K_eu values above cocrystal stoichiometric ratio, indicate that the cocrystal is more soluble than the drug, and the opposite for cocrystals that are less soluble than drug. For the purpose of initially evaluating the NVP cocrystal to drug solubilty and stability, we determined K_eu values from measured eutectic concentrations of coformer and drug as shown in Fig. 2. Studies were done at 25°C and pH values between 1 and 4 (Fig. 2). Higher pH values could not be reached due to buffering by the acidic coformers.

Fig. 2.

Eutectic concentrations of drug and coformer at different pH values are key indicators of cocrystal thermodynamic stability relative to drug. a) NVP-MLE (1:1), b) NVP-SAC (2:1), and c) NVP-SLC (2:1). NVP-MLE cocrystal is more soluble than NVP as suggested by K_eu > 1, [coformer]_eu > [drug]_eu. SAC and SLC cocrystals have a reversal in this trend as pH increases, K_eu < or > 0.5, indicating a transition point at pH_max. pH values represent equilibrium values and are generally lower than initial pH.

For the 1:1 NVP-MLE cocrystal, K_eu > 1 at all pH values studied indicating that the cocrystal is more soluble than the drug since S_cc/S_drug > 1. This cocrystal does not have a pH_max where K_eu = 1.

For 2:1 cocrystals a pH_max occurs at K_eu = 0.5. Both NVP-SAC and NVP-SLC cocrystals show K_eu < 0.5 at pH 1.2 while K_eu is > 0.5 for NVP-SAC at pH values ≥ 2.4, and for NVP-SLC at pH values ≥3.2, demonstrating that there is a pH_max for both cocrystals.

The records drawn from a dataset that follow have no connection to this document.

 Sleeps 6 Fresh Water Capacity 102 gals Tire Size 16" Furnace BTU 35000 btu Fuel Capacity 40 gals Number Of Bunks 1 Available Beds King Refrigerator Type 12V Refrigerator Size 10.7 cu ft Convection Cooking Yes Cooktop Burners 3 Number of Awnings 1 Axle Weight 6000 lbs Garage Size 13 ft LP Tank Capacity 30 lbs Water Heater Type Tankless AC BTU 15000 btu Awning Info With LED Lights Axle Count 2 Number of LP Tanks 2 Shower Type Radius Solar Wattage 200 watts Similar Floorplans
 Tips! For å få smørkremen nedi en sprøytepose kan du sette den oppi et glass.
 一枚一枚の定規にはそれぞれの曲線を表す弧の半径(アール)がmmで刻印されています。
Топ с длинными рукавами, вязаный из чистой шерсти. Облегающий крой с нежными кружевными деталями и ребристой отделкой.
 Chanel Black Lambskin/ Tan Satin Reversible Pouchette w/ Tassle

These results are in excellent agreement with those predicted from the solubility curves in Fig. 1. Small deviations in pH_max for the NVP-SAC cocrystal where K_eu = 0.4 suggests a pH_max slightly higher than 1.1, estimated from Fig. 1. This small difference in pH_max values is a consequence of the variability between predicted (Eq.1) and experimentally determined NVP solubility as a function of pH (shown in ESI^†).

We have previously demonstrated that S_cc/S_drug can be estimated from K_eu according to^{2, 20}:

$$K_{eu}^{1:1}={\left(\frac{S_{\mathit{cocrystal}}}{S_{\mathit{drug}}}\right)}^2$$ (5)

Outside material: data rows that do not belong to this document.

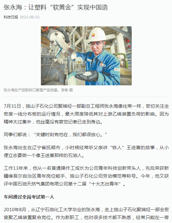 科技日报、学习强国:张永海:让塑料“软黄金”实现中国造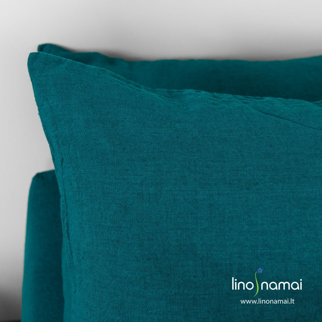 - Tamsios turkio spalvos lininis pagalvės užvalkalas su užkaitu šone.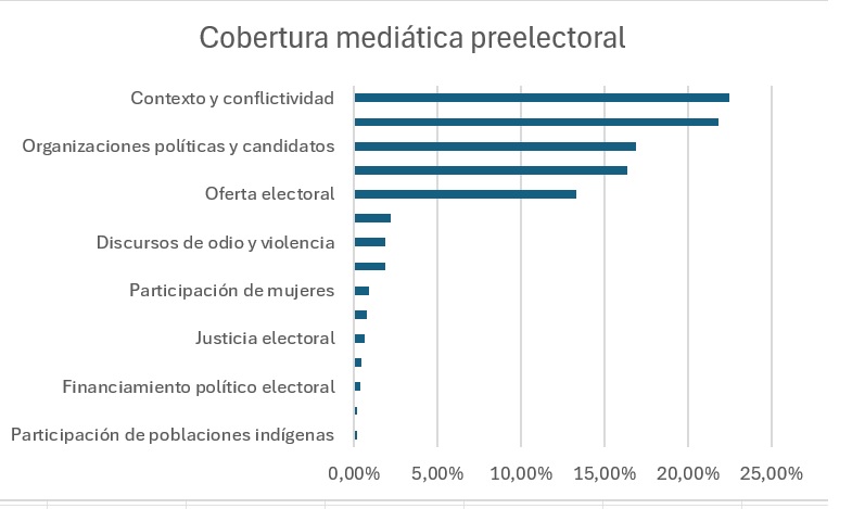 En cambio, temas como la participación de los indígenas, las mujeres y los jóvenes quedaron relegados a porcentajes ínfimos en la cobertura mediática.
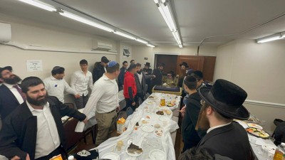 The bochurim and rebbeim of Midrash L’Man Achai of Queens recently had the awe inspiring privilege to visit The Kaliver Rebbe in his Williamsburg, Brooklyn beit midrash. The experience was one the talmidim will hold dear. Each boy and staff member had the chance to greet the Rebbe. All in attendance also had the chance to hear words of inspiration from the Kaliver Rav, son of the revered Rebbe and Reb Moshe Grunhut, a dear friend of the yeshivah.

$$K_{eu}^{2:1}=0.5{\left(\frac{S_{\mathit{cocrystal}}}{S_{\mathit{drug}}}\right)}^3$$ (6)

S_cc and S_drug were experimentally determined from measured eutectic concentrations (Fig. 2) for each cocrystal and respective pH, as described in ESI^†. The experimental and predicted K_eu dependence on S_cc/S_drug is presented in Fig. 3. The results show excellent agreement between observed and predicted behavior according to equations 5 and 6 for 1:1 and 2:1 cocrystals, respectively.

Fig. 3.

Predicted and experimental values of K_eu and cocrystal solubility advantage (S_cc/S_drug) for 1:1 NVP-MLE and 2:1 NVP-SAC and NVP-SLC cocrystals. K_eu is a key indicator of S_cc/S_drug. K_eu dependence on pH reveals the cocrystal pH_max as well as the cocrystal increase in solubility over drug as pH increases. At pH_max, K_eu = 1 for 1:1 cocrystals and K_eu = 0.5 for 2:1 cocrystals. Log axes are used due to the large range of values. Symbols represent experimental values. Numbers next to data points indicate pH at eutectic point or equilibrium pH. Lines were generated according to equations 5 and 6. Solid lines represent 1:1 cocrystals and dashed lines 2:1 cocrystals.

In conclusion, cocrystal solubility and its advantage over drug can be dialed up or down by solution pH. Cocrystal and drug solubilities without measurement of the corresponding pH will fail to provide meaningful insight about how cocrystals dissolve, and in some cases miss their ability to enhance and modulate solubility. We have also demonstrated that eutectic constants are key indicators of cocrystal stability and solubility. Their measurement requires small amount of materials and time for a solution to reach equilibrium with. K_eu also provides a supersaturation index, which is the driving force for cocrystal transformation to the less soluble drug. A subsequent publication will address the influence of the supersaturation index on cocrystal dissolution.